The LTO issue has been fixed. While -flto for some reason is commented out,
since it wasn't completely removed, it may be expected to be reenabled.
Details
- Reviewers
se - Commits
- rG6ae90f59851c: gh-bc: don't disable LTO on powerpc64
Diff Detail
- Repository
- rG FreeBSD src repository
- Lint
Lint Not Applicable - Unit
Tests Not Applicable
Event Timeline
I have just pushed a commit that re-enables LTO - you may need to rebase your patch since a nearby line has been modified in commit 77606d5a8c98.
I don't understand why this program is special and should default to using LTO. Shouldn't there be a global WITH_LTO switch instead that builds all base system programs with LTO?

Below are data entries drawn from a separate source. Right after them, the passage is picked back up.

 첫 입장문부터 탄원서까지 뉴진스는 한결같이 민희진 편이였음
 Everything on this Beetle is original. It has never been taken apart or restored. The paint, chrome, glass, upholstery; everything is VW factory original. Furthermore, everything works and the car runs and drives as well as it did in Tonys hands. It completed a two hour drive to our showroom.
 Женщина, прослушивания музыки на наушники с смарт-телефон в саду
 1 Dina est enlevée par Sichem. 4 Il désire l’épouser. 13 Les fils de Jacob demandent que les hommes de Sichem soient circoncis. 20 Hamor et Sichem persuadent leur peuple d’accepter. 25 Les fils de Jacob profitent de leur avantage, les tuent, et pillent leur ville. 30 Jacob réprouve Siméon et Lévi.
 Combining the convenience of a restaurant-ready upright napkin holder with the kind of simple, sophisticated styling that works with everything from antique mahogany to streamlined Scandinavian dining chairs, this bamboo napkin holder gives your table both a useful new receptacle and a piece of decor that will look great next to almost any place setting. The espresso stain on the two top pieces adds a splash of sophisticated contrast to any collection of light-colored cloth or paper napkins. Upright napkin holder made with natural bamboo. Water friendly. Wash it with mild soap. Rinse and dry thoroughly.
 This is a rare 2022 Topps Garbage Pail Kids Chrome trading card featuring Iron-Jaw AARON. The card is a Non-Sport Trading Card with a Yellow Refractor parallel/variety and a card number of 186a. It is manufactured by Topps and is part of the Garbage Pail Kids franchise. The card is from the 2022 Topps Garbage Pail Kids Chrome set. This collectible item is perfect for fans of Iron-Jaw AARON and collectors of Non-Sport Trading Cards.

I had suggested introduction of LTO macros in the base system several years ago, but got no positive feedback.
My suggestion was to allow base system components to be tagged for compilation with LTO, but the actual options being determined by the framework depending on the compiler and target architecture.

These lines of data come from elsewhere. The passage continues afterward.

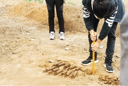 考古工地的老师为同学们展示了“大名鼎鼎”的洛阳铲的使用。打孔、落铲、提土、辨别土样,老师的动作行云流水,吸引着围观的同学跃跃欲试。几位同学上手体验了洛阳铲,第一感受就是铲子太沉,使用过程也不太顺利,没想到看起来简单的事情却并不太容易,洛阳铲的使用也需要熟能生巧呀。
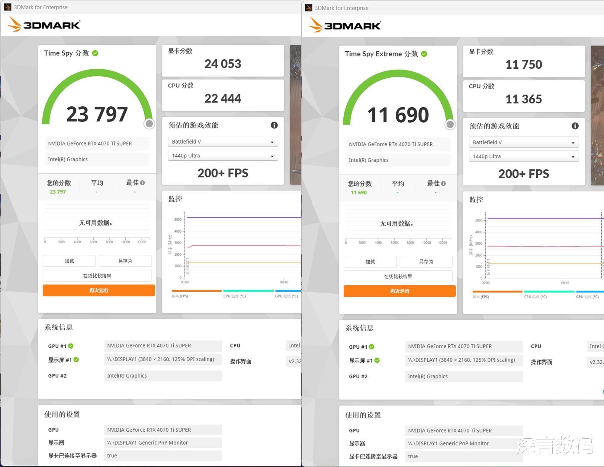 3DMark基准测试软件部分,2K分辨率的Time Spy项目中的综合得分为23797分,其中图形得分为24053,CPU得分为22444,而4K分辨率的Time Spy Extreme项目的综合得分为11690,其中图形得分为11750分,CPU得分为11365分。
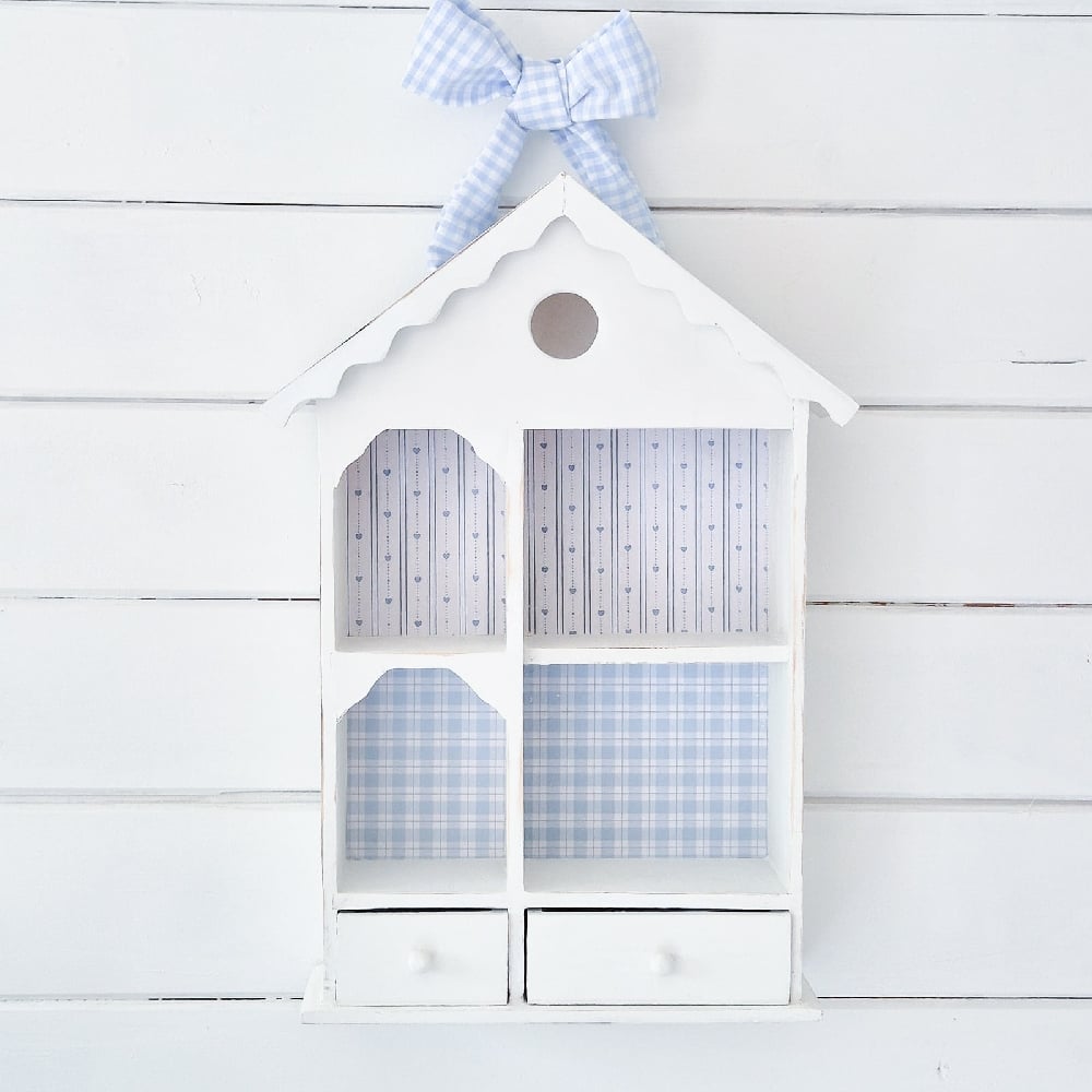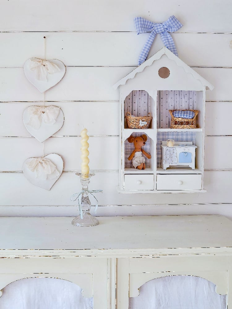 Estantería decorativa cocina con lazo, realizada en madera. Se vende únicamente la estantería accesorios no incluidos

This particular program benefits a lot from LTO because of its structure: the author first developed an abstract library to manipulate vectors (originally in C++, then ported to C), then based the implementation of bc on this library. If these vector operations had been implemented as macros or as inline functions, they would automatically be reduced after expansion, since passed constant parameters would allow moving run-time tests into the compile phase, but these vector functions are in a stand-alone library that can be used and tested independently of the bc and dc programs. LTO allows the compiler to inline optimized trivial fractions of complex vector operations in many places (including inner loops), leading to a measured reduction of the run-time of complex operations of about 30%.

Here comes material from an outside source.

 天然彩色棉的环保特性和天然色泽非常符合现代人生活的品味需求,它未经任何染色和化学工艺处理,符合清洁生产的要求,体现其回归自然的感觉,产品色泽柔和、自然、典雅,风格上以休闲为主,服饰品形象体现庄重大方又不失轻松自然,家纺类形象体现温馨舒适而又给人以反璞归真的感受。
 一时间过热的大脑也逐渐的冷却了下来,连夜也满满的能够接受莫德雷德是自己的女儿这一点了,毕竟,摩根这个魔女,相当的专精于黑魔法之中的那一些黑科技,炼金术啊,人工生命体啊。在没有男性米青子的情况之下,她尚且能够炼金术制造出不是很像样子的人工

I'm all for the introduction of framework support for LTO, which probably should add the required options for LTO to CFLAGS, but also provide a macro that can be tested in the source code, e.g. in case LTO on some compiler/architecture causes issues with specific code sequences.
Given the advantages offered by "thin" LTO without the high impact on link times of "full" LTO, it might be possible to build most of the userland code on most platforms with -flto=thin by default, BTW. This program is small enough to be compiled with -flto=full without, though. Therefore, it might be useful to support both thin and full LTO in the framework (as hints to the build system, whether and which LTO method to use).
Thanks for the explanation, if the program is structured in such a way that LTO is needed for acceptable performance, that sounds like a good reason to default to LTO to me. I would love to see a global switch to build all base system programs with LTO. If you get around to working on this please add me as a reviewer :)